Sunday, August 15, 2010

Exodus 10, 11, 12 The First Passover Feast

The Israelites Eat the Passover (illustration ...Image via Wikipedia

The Exodus of the Jewish people out of Egypt is such an amazing and fascinating account.  In Exodus 12:17 it states that about six hundred thousand men plus women and children left Egypt on foot.  This population was accompanied by their flocks and herds.  The departure was made possible because the Egyptians wanted them to leave as much as  the Israelites were anxious to leave.  Without both elements being in place, such a mass exodus would probably not have occurred.

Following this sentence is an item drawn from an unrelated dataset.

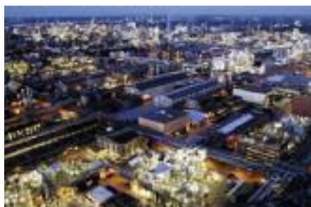
ao lado Ludwigshafen, 2007.

Todas estas definições demonstram a importância de inclusão de áreas de conhecimento como a Biologia, a Microbiologia e a Genética, para além das tradicionais, na formação de um Engenheiro Químico/Biológico/Bioquímico. Os Engenheiros Químicos/Biológicos/Bioquímicos devem ter conhecimento dos princípios e processos celulares e biomoleculares. A Química e a Biologia estão cada vez mais em pé de igualdade como ciências de base para a sua formação. De salientar que a utilização quase indiferenciada dos termos Engenharia Química, Engenharia Biológica

Joseph’s brothers, when they settled in the land of Goshen, were celebrities of a sort – they were relatives to the man second to Pharaoh.  If they remained so well liked and so comfortable, they might never have wanted to return to the land of Canaan.  But, God, in His sovereign wisdom, allowed the Israelites to become slaves and over time, to become extremely uncomfortable in Egypt.  Because the Egyptians started to fear them, they ordered that all Hebrew newborn males be murdered.  As the tensions increased, the Hebrew slaves were forced to work harder.  When Moses and Aaron began to demand that Pharaoh release the Hebrew slaves, tensions reached a peak.  Israelites who were willing to comply with Pharaoh soon understood just how untenable their position was.  As God revealed Himself to be the powerful God of Israel, more powerful than any Egyptian deity, the people of Israel began to worship God. 

In Exodus 12:27, after Moses explained to Israel what God was about to do, the people of Israel bowed down and worshipped.  It is interesting to note, that this is the second time that the people of Israel bowed their heads and worshipped.  The first time was when Moses, in Exodus 4:21, stood before the people of Israel and told them that God saw their misery and was ready to deliver them out of it.

When Moses began to talk to Pharaoh and the lot of the slaves became more difficult, the Israelites were angry with Moses and considered him to be the source of their problems.  As the plagues continued, Israel learned who their God was and eventually stood behind Moses. 

The second time they worshipped, all of Israel was united in their desire to flee Egypt; they understood that the angel of death was to go throughout the entire land and that only the houses with the blood of the lamb on the top and sides of the doorframe would be spared, would be passed over.  On that fateful night, all of Israel ate in a hurry, poised to leave and ready to ask the Egyptians for articles of gold and silver and clothing.  They all knew what they had to do and fully trusted God to bring about this mass exodus.

Through this process, God created a people who experienced God and who identified themselves as His special people, separate from all others on the earth.  A prophecy given to their father Abraham in Genesis 15:16 was fulfilled before their eyes.  And, with the exodus, they could begin to look to the fulfillment of the entry into the land of promise, Canaan.